• ACTIVITY:
In this exercise, return the whole listing exactly, excluding any images.

• DATA SEGMENT:
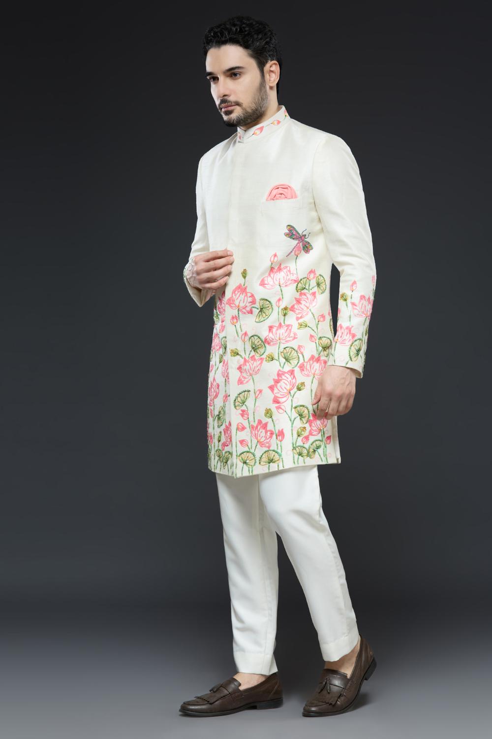Ivory sherwani with hand embroidery detailing and slim pant set
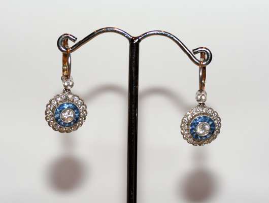A pair of early 20th century sapphire and diamond set pendant earrings
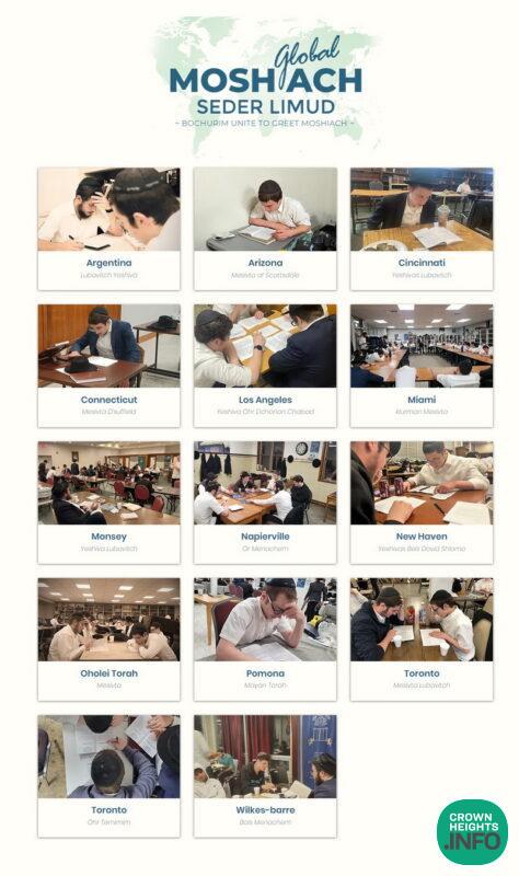 On Wednesday night, Bochurim from 34 Yeshivos around the world united in a Moshiach Chidon learning initiative, demonstrating their commitment to promoting learning about Moshiach and fostering Achdus among yeshiva Bochurim worldwide. As the Rebbe said, Achdus between Chassidim will lead them towards the Geula.

• TASK OUTPUT:
Ivory sherwani with hand embroidery detailing and slim pant set
A pair of early 20th century sapphire and diamond set pendant earrings
 On Wednesday night, Bochurim from 34 Yeshivos around the world united in a Moshiach Chidon learning initiative, demonstrating their commitment to promoting learning about Moshiach and fostering Achdus among yeshiva Bochurim worldwide. As the Rebbe said, Achdus between Chassidim will lead them towards the Geula.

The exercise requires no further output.